Светлый фон

С уходом Шектера в 1981-м к Вильнёву присоединился француз Дидье Пирони, круглолицый молодой человек из богатой семьи, имевший репутацию высокомерного типа. (Он отметал это обвинение, объясняя, что всему виной его скромность, но это едва ли было способно улучшить Пирони репутацию в глазах представителей спортивной прессы или среди коллег по цеху.) Форгьери и команда дизайнеров сотворили великолепный 1,5-литровый турбомотор, а новичок Харви Постлтуэйт — перебравшийся в Маранелло летом 1981 года — спроектировал шасси, которое выведет Ferrari из мрачной эпохи цельнометаллических монококов и приведет ее на новые земли углепластиковых компонентов. Скромный, но решительный Постлтуэйт, инженер по образованию, успел поработать в командах March, Wolf, Fittipaldi и Hesketh в качестве дизайнера-проектировщика подвесок, аэродинамических элементов и шасси из углеродного волокна. Его приглашение в команду делалось с расчетом на то, что он разгрузит Форгьери, позволив тому сконцентрироваться на доведении до идеала нового турбированного мотора 126C, и при этом сделает команду конкурентоспособной на поприще продвинутых технологий торможения и устойчивости. Постлтуэйт станет первым в череде «англов», которые войдут в департамент проектирования Ferrari, до той поры составленный исключительно из итальянцев. Он быстро открыл для себя, что в Ferrari дела велись совершенно особым образом. В команде он обнаружил многочисленный и компетентный состав сотрудников, работавший на отменных современных компьютерах. К гоночному департаменту было приписано на полную ставку свыше 200 специалистов, каждый из которых был ветераном формульных войн и хранил верность — по крайней мере при поверхностном взгляде — лидеру, именуемому просто Старик. Но Постлтуэйта постигло разочарование, когда он узнал, что у команды не было никаких планов по строительству аэродинамической трубы или удлинению тестового полигона Фьорано.

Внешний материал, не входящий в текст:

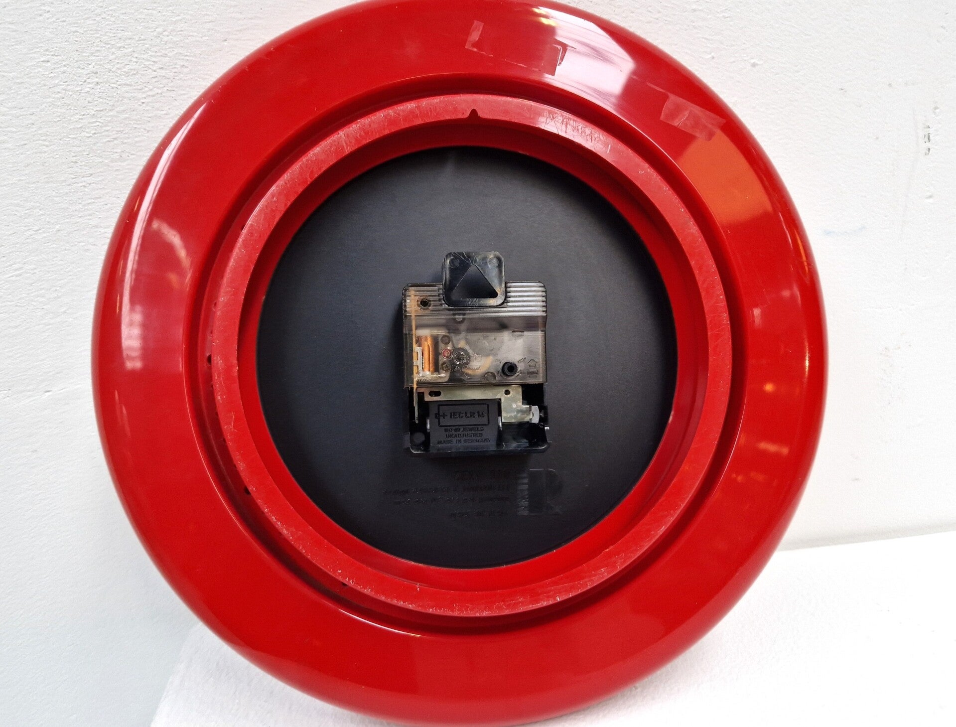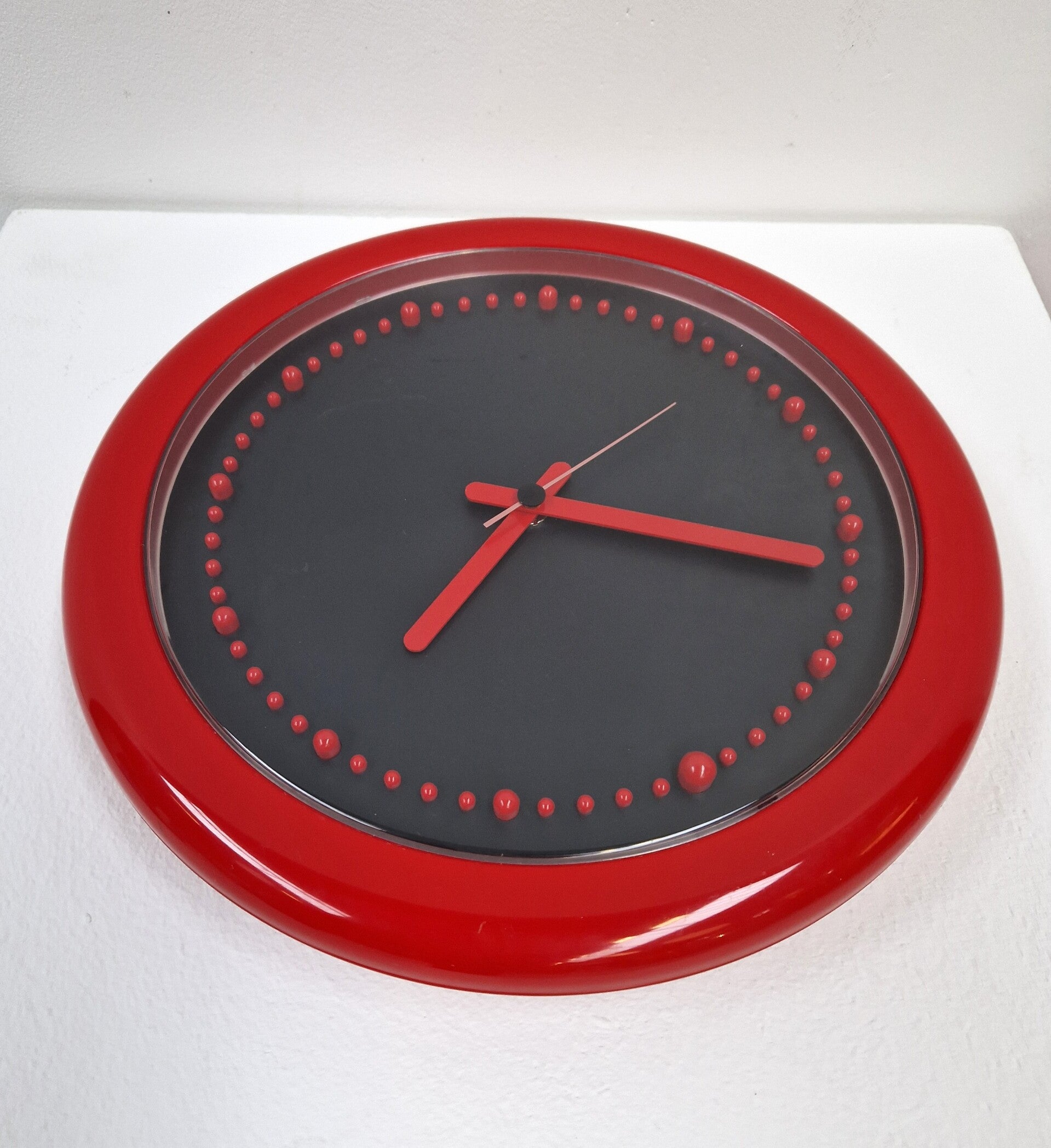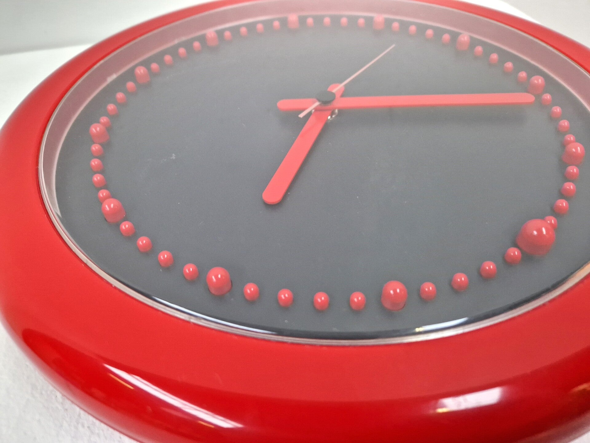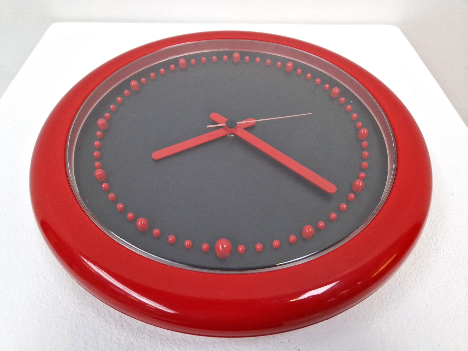 Designed by Raul Barbieri and Giorgio Marianelli for Rexite in 1981, this Zero 980 wall clock has a striking red and black color combination. Red plastic case, red hands, and raised red plastic bumps for the clock's numbers and a black face. Perfect combination of sophisticated Italian postmodern design.

«Я быстро понял, что бизнес там вели вчерную, пользуясь «сливами» информаторов, а самого Старика окружали толпы закадычных друзей-приятелей. На формальных встречах места какой-либо критике или дебатам практически не находилось, — вспоминал он. — Феррари не проявлял никакого интереса к той части своего бизнеса, которая отвечала за производство пассажирских машин, и уж тем более не стремился его как-либо контролировать. Более того, он искренне презирал людей, покупавших дорожные машины марки. Он называл их дураками, хотя все они в некотором смысле поддерживали существование всего гоночного предприятия. Я получал чеки от Fiat, а не от Ferrari».